- [Exercise brief] With the pictures left out, restate exactly the part below that opens with the line containing "2015年6月18日,游客在" and closes with the line containing "2021.08.23 未分類 2022(令和4)年度".

- [Supplied entries]
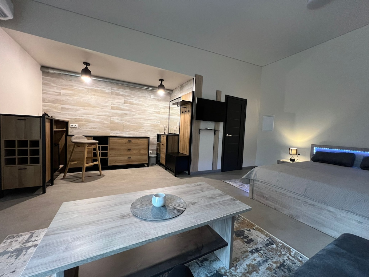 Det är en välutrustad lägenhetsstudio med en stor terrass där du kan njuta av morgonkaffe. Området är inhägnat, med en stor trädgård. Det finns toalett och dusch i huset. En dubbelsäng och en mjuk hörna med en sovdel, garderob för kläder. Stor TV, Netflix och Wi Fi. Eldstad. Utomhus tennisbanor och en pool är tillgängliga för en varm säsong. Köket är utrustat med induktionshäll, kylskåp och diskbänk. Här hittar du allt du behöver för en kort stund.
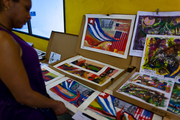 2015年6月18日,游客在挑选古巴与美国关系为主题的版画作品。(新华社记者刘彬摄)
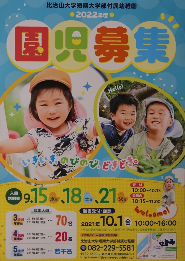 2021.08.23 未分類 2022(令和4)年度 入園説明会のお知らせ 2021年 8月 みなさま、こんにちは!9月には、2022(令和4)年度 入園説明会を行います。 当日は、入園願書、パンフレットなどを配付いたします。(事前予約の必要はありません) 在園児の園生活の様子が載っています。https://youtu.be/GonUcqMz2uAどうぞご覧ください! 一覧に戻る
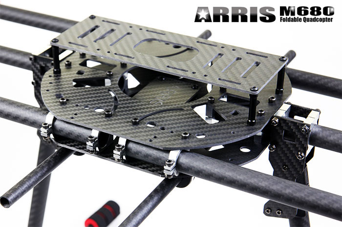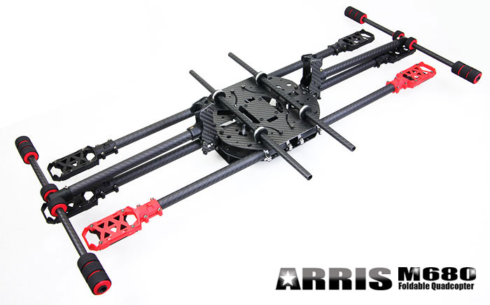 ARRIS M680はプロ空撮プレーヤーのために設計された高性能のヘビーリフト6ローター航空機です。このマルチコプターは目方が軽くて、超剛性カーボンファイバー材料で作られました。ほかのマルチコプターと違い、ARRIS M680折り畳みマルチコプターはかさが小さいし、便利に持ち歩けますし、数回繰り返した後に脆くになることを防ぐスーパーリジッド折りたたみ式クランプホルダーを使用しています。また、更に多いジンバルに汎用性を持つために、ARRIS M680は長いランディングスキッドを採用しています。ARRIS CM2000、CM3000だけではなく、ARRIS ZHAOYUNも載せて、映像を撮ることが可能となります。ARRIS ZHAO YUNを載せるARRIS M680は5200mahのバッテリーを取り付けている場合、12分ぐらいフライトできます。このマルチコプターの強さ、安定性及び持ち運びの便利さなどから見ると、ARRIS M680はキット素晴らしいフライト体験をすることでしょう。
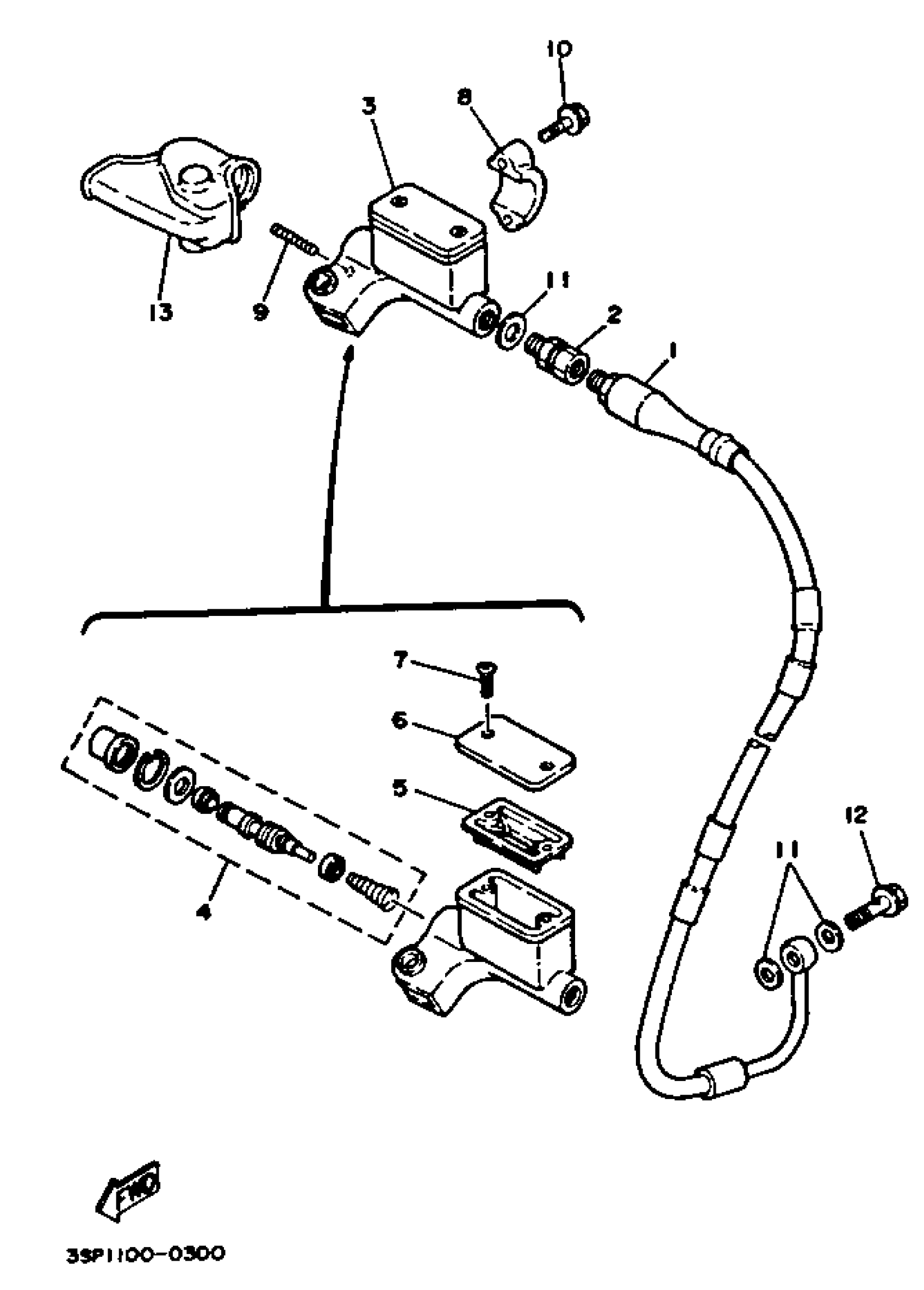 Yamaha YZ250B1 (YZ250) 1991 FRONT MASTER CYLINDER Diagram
* * *
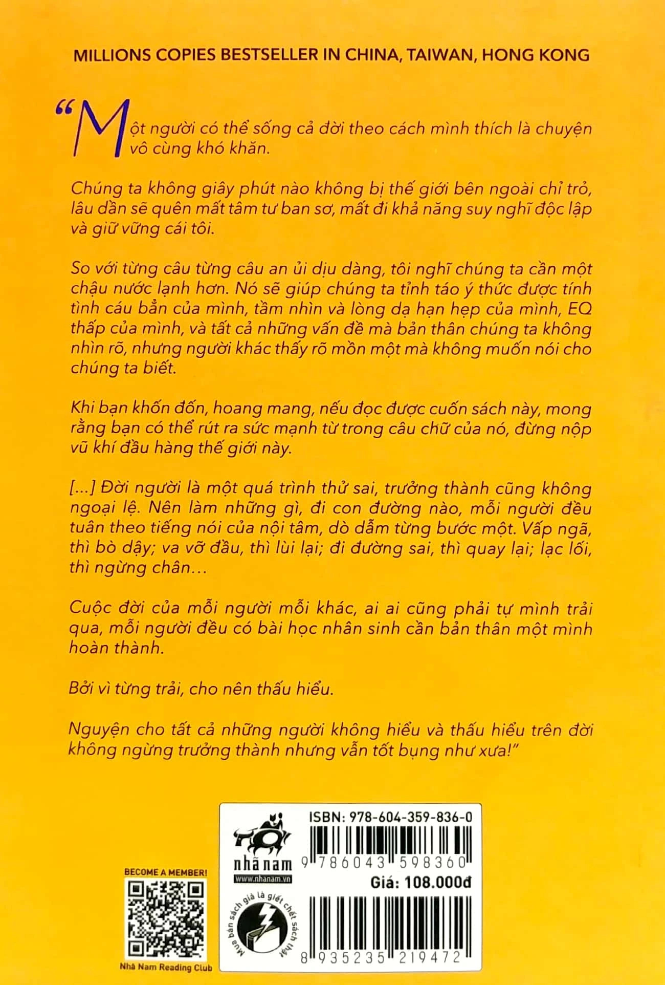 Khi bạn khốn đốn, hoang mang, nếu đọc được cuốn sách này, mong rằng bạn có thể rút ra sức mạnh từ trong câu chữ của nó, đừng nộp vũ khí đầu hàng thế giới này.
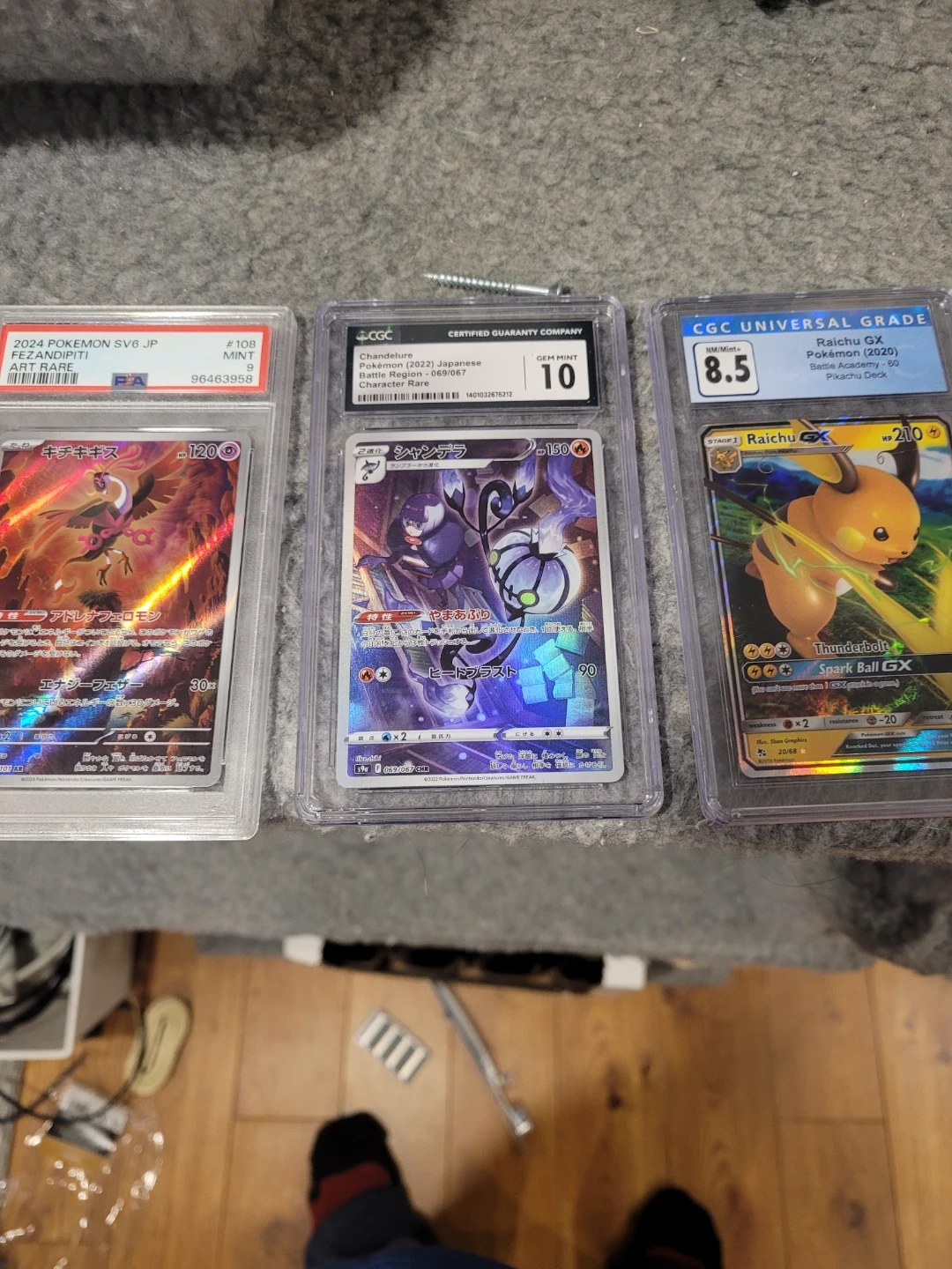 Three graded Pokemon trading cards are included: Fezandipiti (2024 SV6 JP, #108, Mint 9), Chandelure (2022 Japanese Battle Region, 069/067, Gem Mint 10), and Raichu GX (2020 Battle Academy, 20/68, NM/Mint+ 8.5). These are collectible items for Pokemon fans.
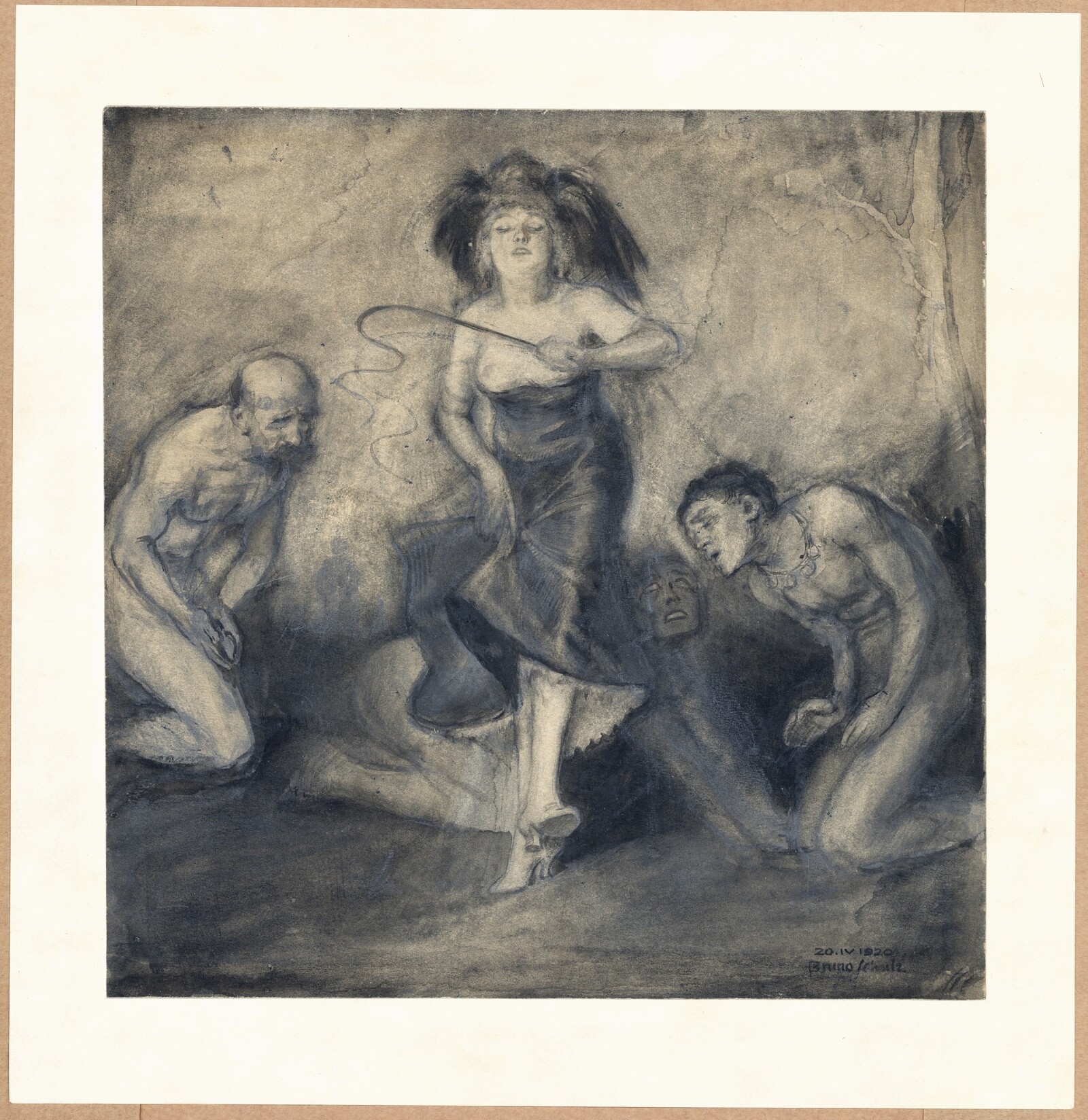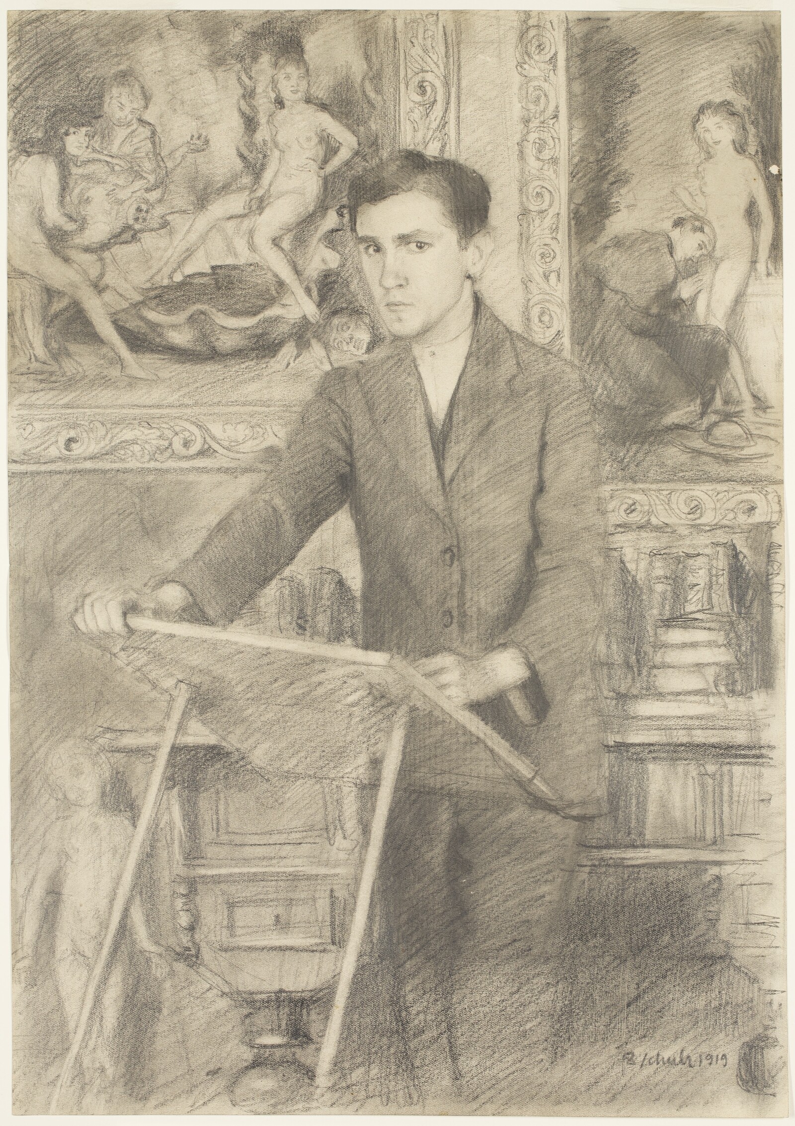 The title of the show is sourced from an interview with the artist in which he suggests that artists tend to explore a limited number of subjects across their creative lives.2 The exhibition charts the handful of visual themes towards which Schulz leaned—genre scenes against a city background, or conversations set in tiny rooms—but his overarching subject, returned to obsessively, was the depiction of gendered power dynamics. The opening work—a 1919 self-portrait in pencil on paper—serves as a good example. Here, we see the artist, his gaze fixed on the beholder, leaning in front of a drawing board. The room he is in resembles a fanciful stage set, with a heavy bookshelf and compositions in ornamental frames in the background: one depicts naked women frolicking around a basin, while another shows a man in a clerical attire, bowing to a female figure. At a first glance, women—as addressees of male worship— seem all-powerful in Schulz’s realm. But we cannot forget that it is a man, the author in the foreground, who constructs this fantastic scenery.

- [Answer for this exercise]
 2015年6月18日,游客在挑选古巴与美国关系为主题的版画作品。(新华社记者刘彬摄)
 2021.08.23 未分類 2022(令和4)年度 入園説明会のお知らせ 2021年 8月 みなさま、こんにちは!9月には、2022(令和4)年度 入園説明会を行います。 当日は、入園願書、パンフレットなどを配付いたします。(事前予約の必要はありません) 在園児の園生活の様子が載っています。https://youtu.be/GonUcqMz2uAどうぞご覧ください! 一覧に戻る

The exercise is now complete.